● AVAILABLE DATA
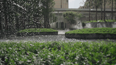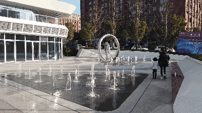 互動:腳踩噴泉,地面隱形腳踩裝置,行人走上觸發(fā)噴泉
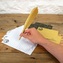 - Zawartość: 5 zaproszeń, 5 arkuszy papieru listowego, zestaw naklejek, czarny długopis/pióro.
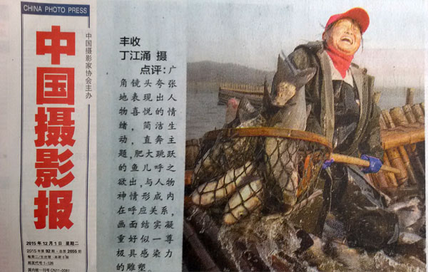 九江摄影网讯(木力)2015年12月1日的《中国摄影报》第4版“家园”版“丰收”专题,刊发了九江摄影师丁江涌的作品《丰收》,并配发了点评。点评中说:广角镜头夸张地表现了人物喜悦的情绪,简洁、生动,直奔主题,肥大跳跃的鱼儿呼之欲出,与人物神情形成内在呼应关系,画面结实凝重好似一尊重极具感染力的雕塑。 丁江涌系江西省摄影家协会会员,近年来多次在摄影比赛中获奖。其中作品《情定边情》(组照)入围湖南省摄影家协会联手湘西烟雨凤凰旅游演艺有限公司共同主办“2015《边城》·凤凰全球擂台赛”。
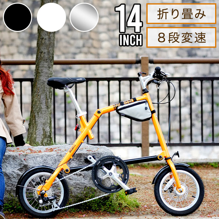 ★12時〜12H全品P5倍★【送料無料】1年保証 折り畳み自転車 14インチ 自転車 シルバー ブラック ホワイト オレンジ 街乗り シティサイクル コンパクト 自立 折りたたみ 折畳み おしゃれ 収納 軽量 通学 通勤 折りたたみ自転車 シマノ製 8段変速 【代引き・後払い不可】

● WHAT YOU NEED TO DO
Repeat the data above exactly, leaving out any pictures it holds.

● REPLY TO THE TASK
 互動:腳踩噴泉,地面隱形腳踩裝置,行人走上觸發(fā)噴泉
 - Zawartość: 5 zaproszeń, 5 arkuszy papieru listowego, zestaw naklejek, czarny długopis/pióro.
 九江摄影网讯(木力)2015年12月1日的《中国摄影报》第4版“家园”版“丰收”专题,刊发了九江摄影师丁江涌的作品《丰收》,并配发了点评。点评中说:广角镜头夸张地表现了人物喜悦的情绪,简洁、生动,直奔主题,肥大跳跃的鱼儿呼之欲出,与人物神情形成内在呼应关系,画面结实凝重好似一尊重极具感染力的雕塑。 丁江涌系江西省摄影家协会会员,近年来多次在摄影比赛中获奖。其中作品《情定边情》(组照)入围湖南省摄影家协会联手湘西烟雨凤凰旅游演艺有限公司共同主办“2015《边城》·凤凰全球擂台赛”。
 ★12時〜12H全品P5倍★【送料無料】1年保証 折り畳み自転車 14インチ 自転車 シルバー ブラック ホワイト オレンジ 街乗り シティサイクル コンパクト 自立 折りたたみ 折畳み おしゃれ 収納 軽量 通学 通勤 折りたたみ自転車 シマノ製 8段変速 【代引き・後払い不可】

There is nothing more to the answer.